START Provided records

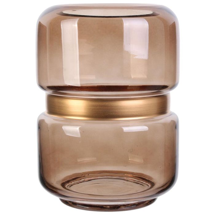 - Original jarrón marrón con franja dorada, muy decorativo y elegante.
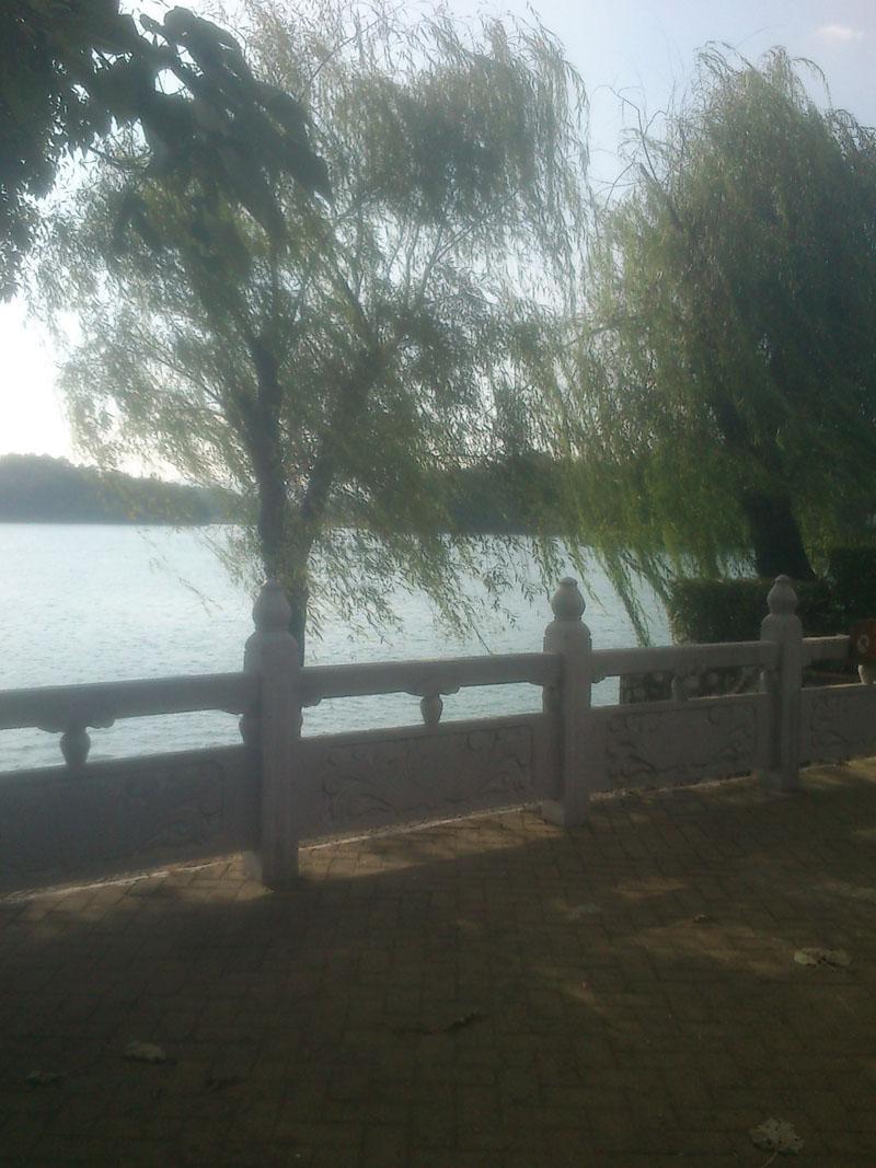 我們一行人迫不及待的拿著手中的門票踏入園內(nèi),迎接我們的是一排整齊的楊柳,它們守護在潔白的欄桿旁,以湖為鏡,欣賞著各自“萬條垂下綠絲絳”之媚態(tài)。此翻看來,楊柳迎客不遜青松哦。
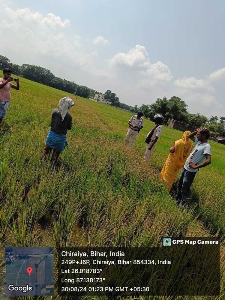 फोटो-2-खेत में जले धान फसल का जांच करते पुलिस व अन्य. प्रतिनिधि, भरगामा खेत किसान की रीढ़ होती है व फसल जीवन यापन का साधन. उसी फसल को जब कोई जहर डालकर जला दे तो किसान पर मुसीबतों का पहाड़ टूटना लाजमी है. मामला भरगामा थाना क्षेत्र के खुटहा बैजनाथपुर पंचायत के चरैया गांव वार्ड संख्या 09 का है. जहां दबंगों ने फसल सुखाने वाला जहर डालकर लगभग चार एकड़ धान की फसल को जला दियाि. घटना को लेकर किसान शंभु शरण की पत्नी रेणू देवी ने भरगामा थाना में आवेदन दिया है. आवेदन में बताया गांव के दबंग मुकेश पासवान पिता स्व पुरण पासवान, उपेंद्र पासवान पिता स्व रामाधीन पासवान, दिलीप पासवान पिता स्व परमानंद पासवान, महेंद्र पासवान पिता स्व कैलू पासवान व अन्य लोग ग्राम पूर्वी चरैया वार्ड संख्या 08 खूटहा बैजनाथपुर, थाना भरगामा निवासी ने मेरे धान के खेत में जहरीली दवाई का छिड़काव कर दिया. जिससे मेरी खड़ी फसल धान जल गयी. जिससे मुझे लगभग ढाई लाख रुपए का नुकसान हुआ है. आवेदन में आगे बताई की मुकेश पासवान व उपेंद्र पासवान आमजनों के बीच बोलता था कि धान तो रोप लिया. जब तक 10 कट्ठा जमीन या चार लाख रुपये नहीं देगा तो धान हम लोग उपजने नहीं देंगे. धान देखकर रास नहीं आया तो मौका देखकर दवाई छिड़काव कर चार बीघा धान को नष्ट कर दिया. इधर थानाध्यक्ष सह प्रशिक्षु डीएसपी संतोष कुमार पोद्दार ने बताया धान के फसल में दवाई का छिड़काव कर नष्ट करने का आवेदन प्राप्त हुआ है. तत्काल नष्ट फसल का सैंपल लेकर जांच के लिए जिला कृषि अधिकारी को भेजा जायेगा. जांच रिपोर्ट आने के बाद इस मामले में कार्रवाई की जायेगी. ———- भैंस की की चोरी, थाना में दिया आवेदन भरगामा. थाना क्षेत्र के महथावा बाजार वार्ड संख्या 06 में गुरुवार की मध्य रात्रि चोरों ने भूपी शर्मा के पुत्र झब्बर शर्मा की पांच भैंस चोरी कर ली. पशुपालक झब्बर शर्मा ने बताया गुरुवार रात के 10 बजे अपने सभी पशुओं को चारा खिलाकर खुद भी सोने चला गया. 12 बजे के आसपास चार लोग हथियार के साथ आये और मुझे हथियार का भय दिखाकर मेरे दरवाजे पर बंधी पांच दुधारू भैंस को पिकअप वाहन पर लादकर जाने लगा. मौका पाकर शोर मचाया तो सभी चोर भाग गये. जबकि जाते जाते एक चोर की पहचान कर ली. जो महथावा बाजार वार्ड संख्या आठ निवासी कलानंद शर्मा का पुत्र टेंपू शर्मा था. झब्बर शर्मा ने बताया भैंस ही मेरे जीविकोपार्जन का सहारा था. चोरी हुई भैंस की कीमत लगभग चार लाख के आसपास है. इधर चोरी की घटना को लेकर भरगामा थानाध्यक्ष सह प्रशिक्षु डीएसपी संतोष कुमार पोद्दार ने बताया पशु चोरी का आवेदन पशुपालक ने दिया है जांच कर कार्रवाई की जायेगी.
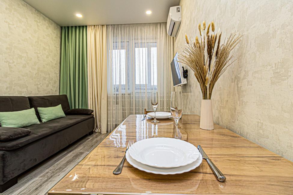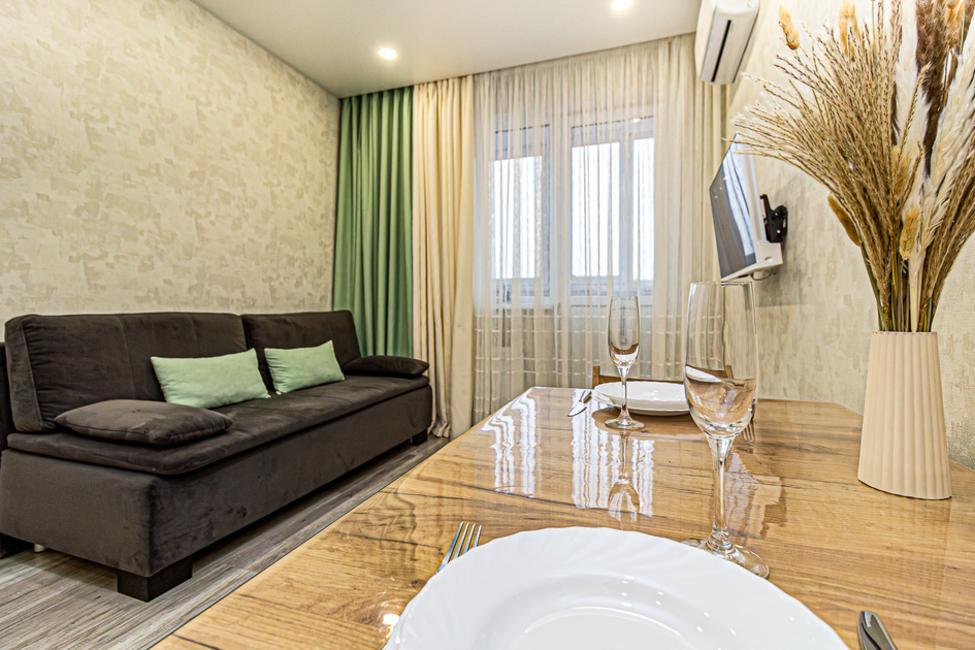 Квартира рассчитана для проживания 4-х человек. Спальных мест 2+2 ( двуспальная кровать и двуспальный диван). В квартире есть все необходимое для проживания постельное белье, комплект полотенец, посуда, кабельное ТВ и wi-fi.
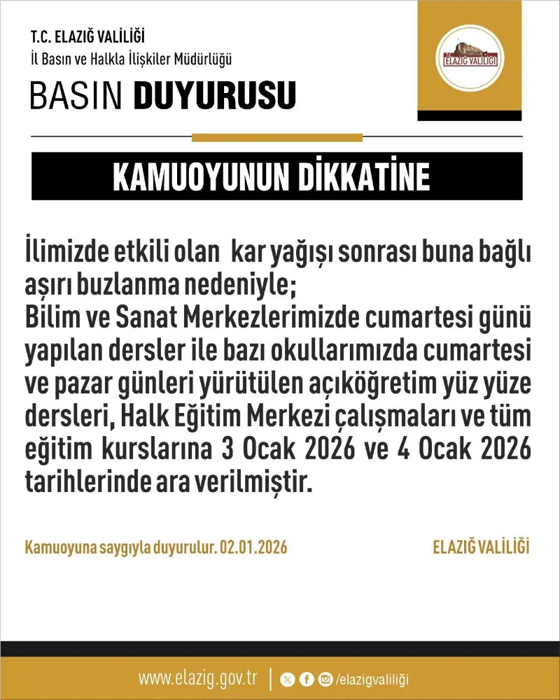 Açıklamada, “İlimizde etkili olan kar yağışı sonrası buna bağlı aşırı buzlanma nedeniyle; Bilim ve Sanat Merkezlerimizde cumartesi günü yapılan dersler ile bazı okullarımızda cumartesi ve pazar günleri yürütülen açıköğretim yüz yüze dersleri, Halk Eğitim Merkezi çalışmaları ve tüm eğitim kurslarına 3 Ocak 2026 ve 4 Ocak 2026 tarihlerinde ara verilmiştir.” ifadelerine yer verildi.
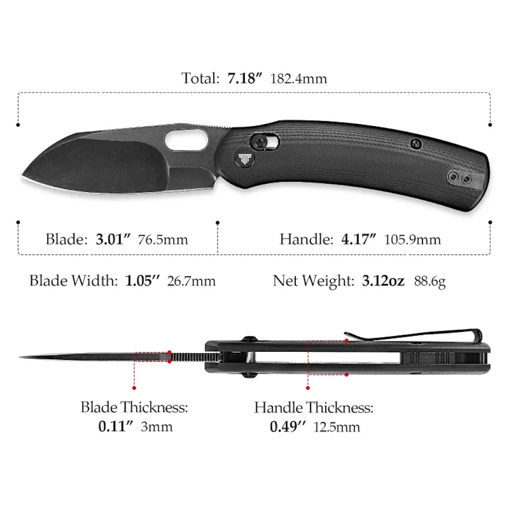 Рукоять из черного G10 - это сочетание эргономики и визуальной строгости. Материал обеспечивает надежный хват, не скользит в руке и сохраняет устойчивость к загрязнениям. Контуры рукояти адаптированы под естественное положение ладони, что повышает удобство при длительном использовании. Карманная клипса интегрирована аккуратно, не мешает при переноске и обеспечивает быстрый доступ к инструменту. Визуально модель остается сдержанной, но выразительной - готовой к ежедневной работе без лишних деталей.
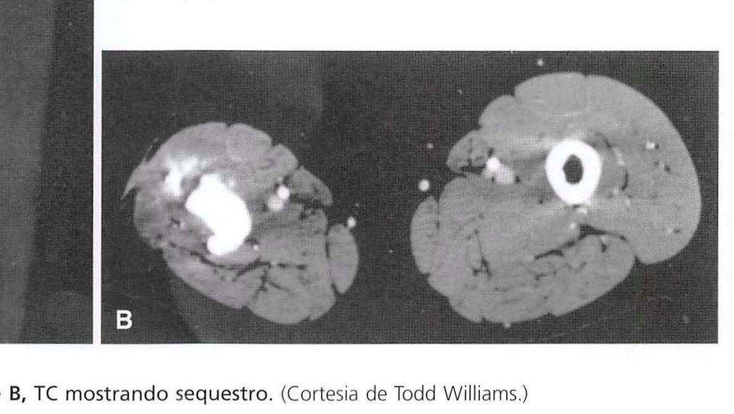 se trata de estrutura rigida, o pus se deslocal pelo sist. de havers e canal de volkmann descolando periosteo e ocupando a medula = necrose do osso cortical (aka sequestro)
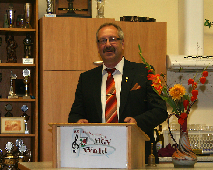 Zum Ehrenabend konnte der 1. Vorstand Dieter Schwank zahlreiche Gäste begrüßen. Zunächst lagen ihm aber die Sängerfrauen am Herzen, denn sie müssen ihre Männer immer dienstags für die Singstunde entbehren. Sie unterstützen die Sänger auch bei den zahlreichen Aktivitäten und sind maßgebend am Erfolg von öffentlichen Veranstaltungen, wie z. B. dem Weinfest beteiligt. Ein Gruß galt Resi Wagner, die der gute Geist des Sängerheims ist und auch die Dekoration übernommen hat. Weiter begrüßte er Johann Seemann, 1. Vorsitzender vom Verband Oberpfälzer Chöre e.V., 1. Bürgermeister Hugo Bauer, den 2. Bürgermeister und aktiven Sänger Fritz Stuber sowie den 3. Bürgermeister und Chorleiter Rudi Zimmerer und seinen Gemeinderatskollegen Günter Doblinger.
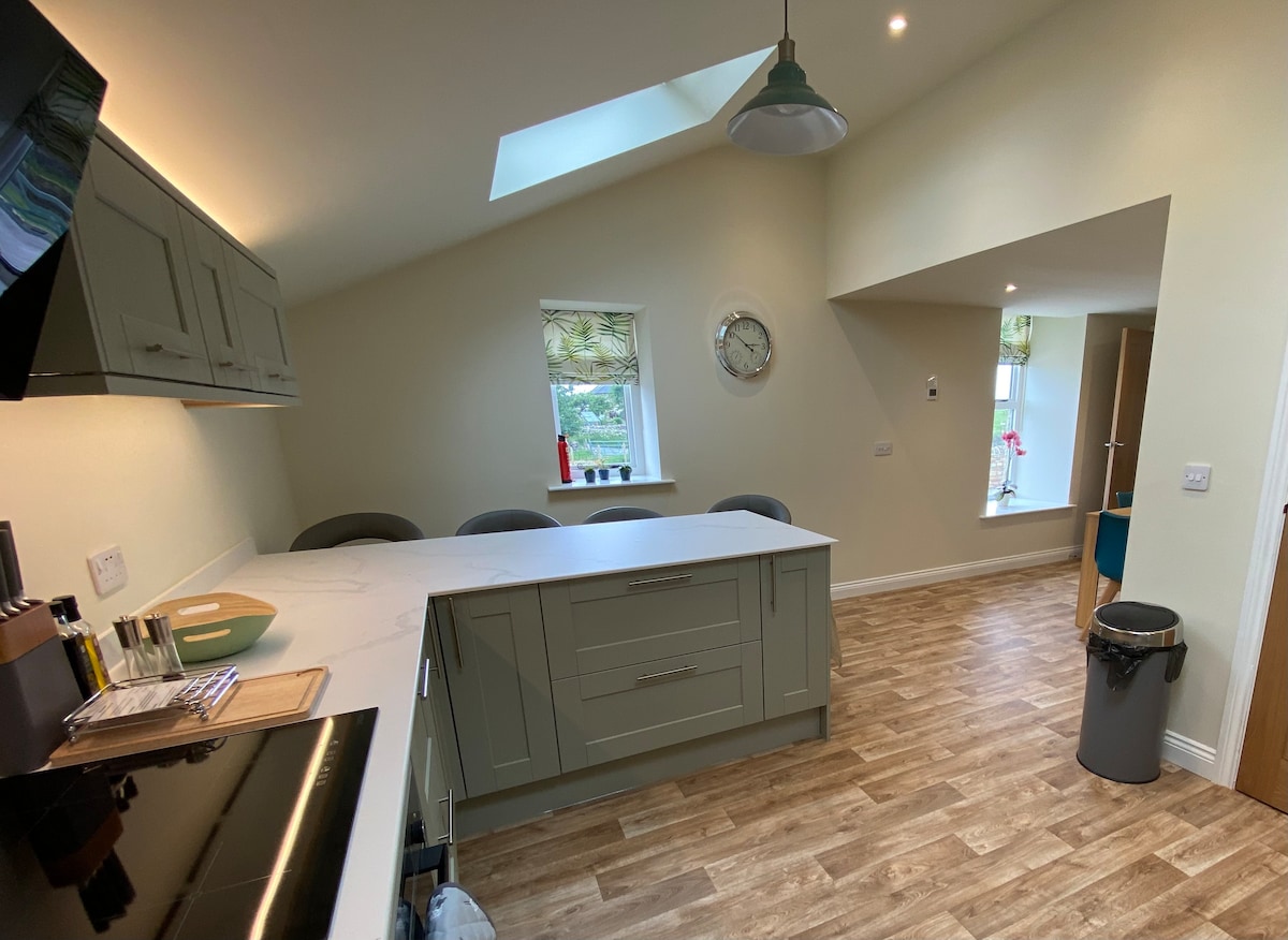 * Check in from 1pm * Early check in available from 11am (pre-booked) for £50 * Late checkout on a Sunday up to 12pm * EV Charging (pre-booked) £20 * perfect for family gatherings, celebrations & wedding stays , open plan * set within private estate grounds ideal for group getaways near the Peak District * Dog friendly * King bedroom with en-suite shower * Double Bedroom * 2 single bedrooms * Family bathroom and shower room * Balcony * Smart TV * Free Parking
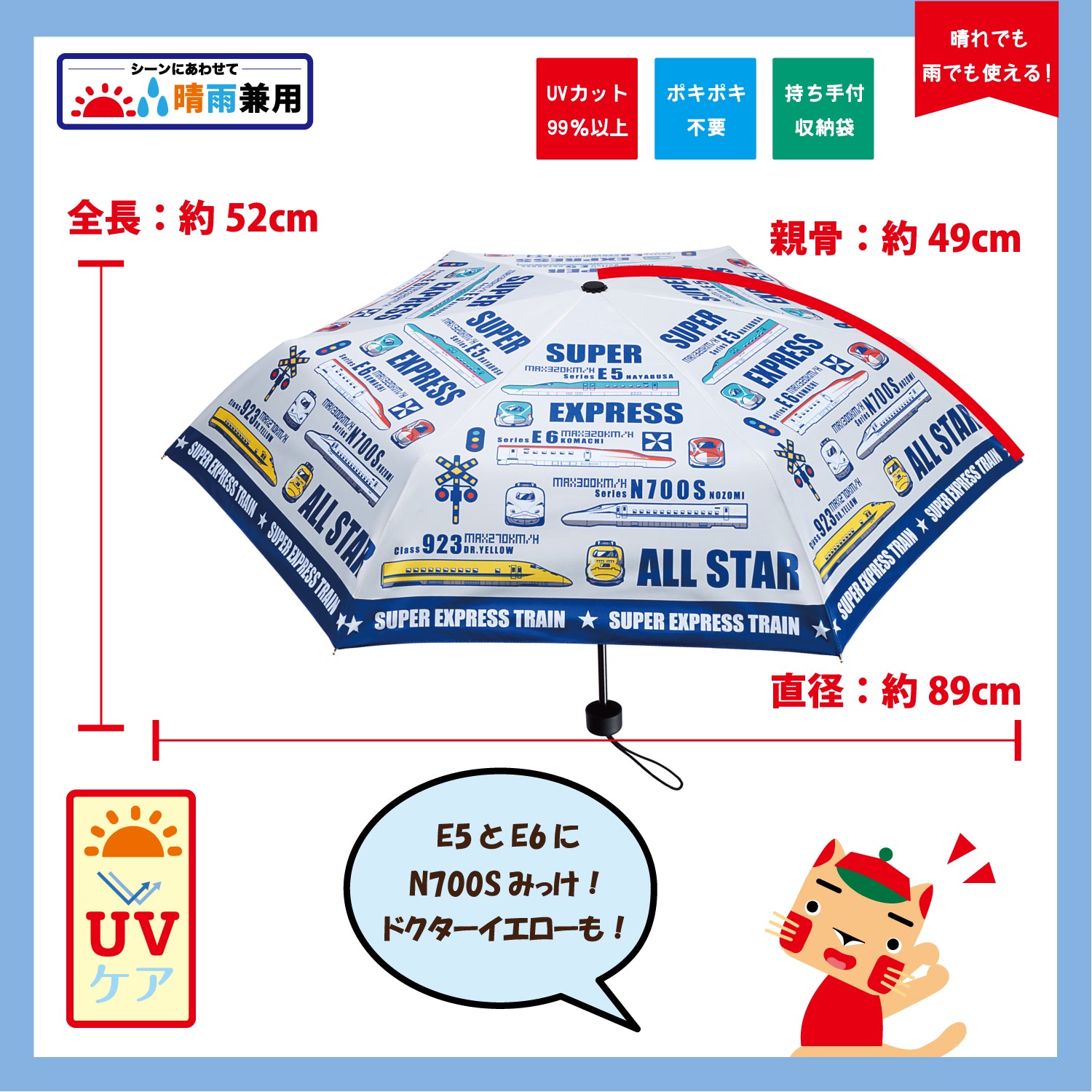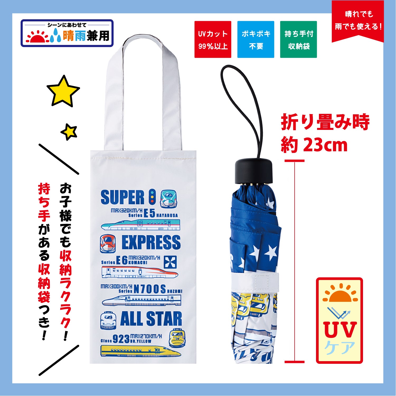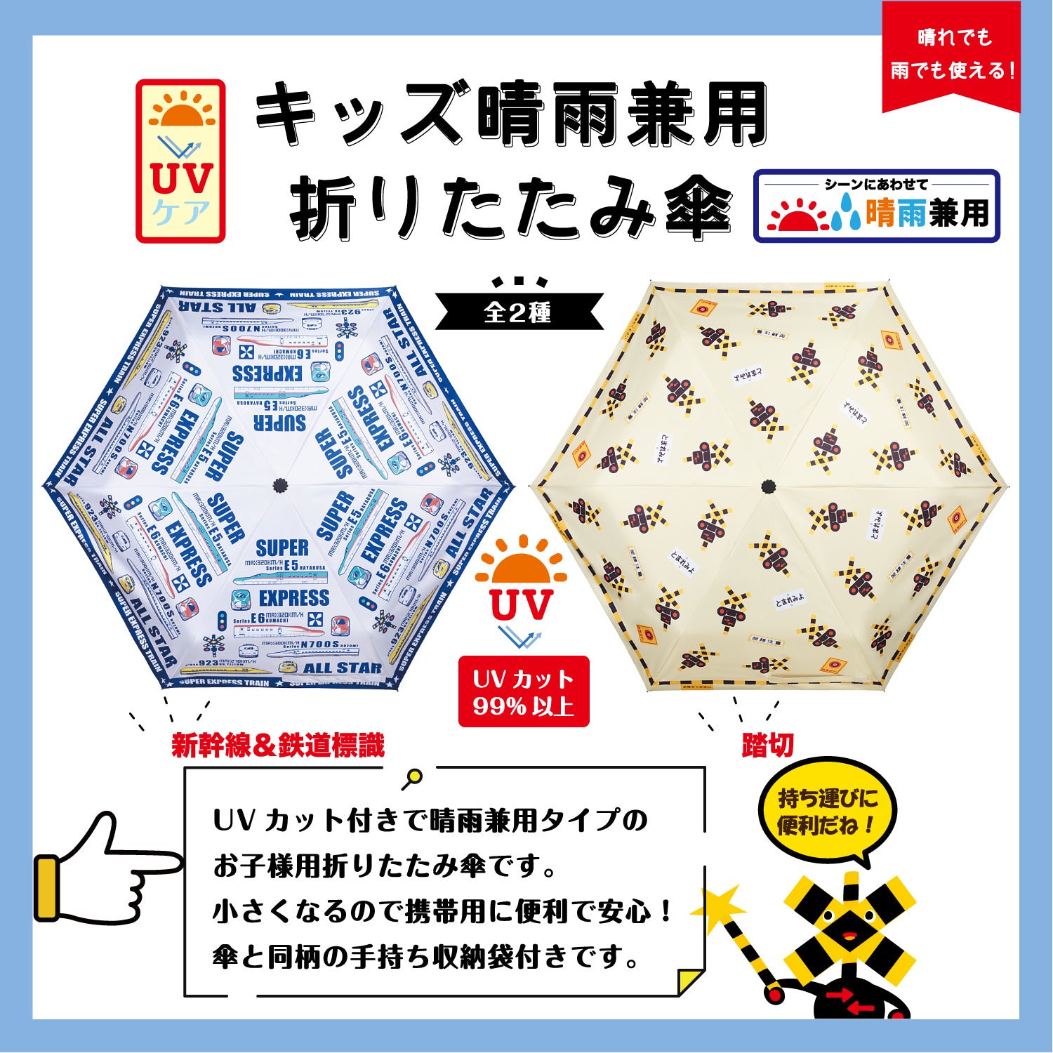 | 商品名 | キッズ晴雨兼用折りたたみ傘 新幹線&鉄道標識 |

END Provided records

#### Exercise description:
All lines from the start of the entries above through the line containing "我們一行人迫不及待的拿著手中" are to be given again exactly; the pictures are not.

#### Result of this task:
 - Original jarrón marrón con franja dorada, muy decorativo y elegante.
 我們一行人迫不及待的拿著手中的門票踏入園內(nèi),迎接我們的是一排整齊的楊柳,它們守護在潔白的欄桿旁,以湖為鏡,欣賞著各自“萬條垂下綠絲絳”之媚態(tài)。此翻看來,楊柳迎客不遜青松哦。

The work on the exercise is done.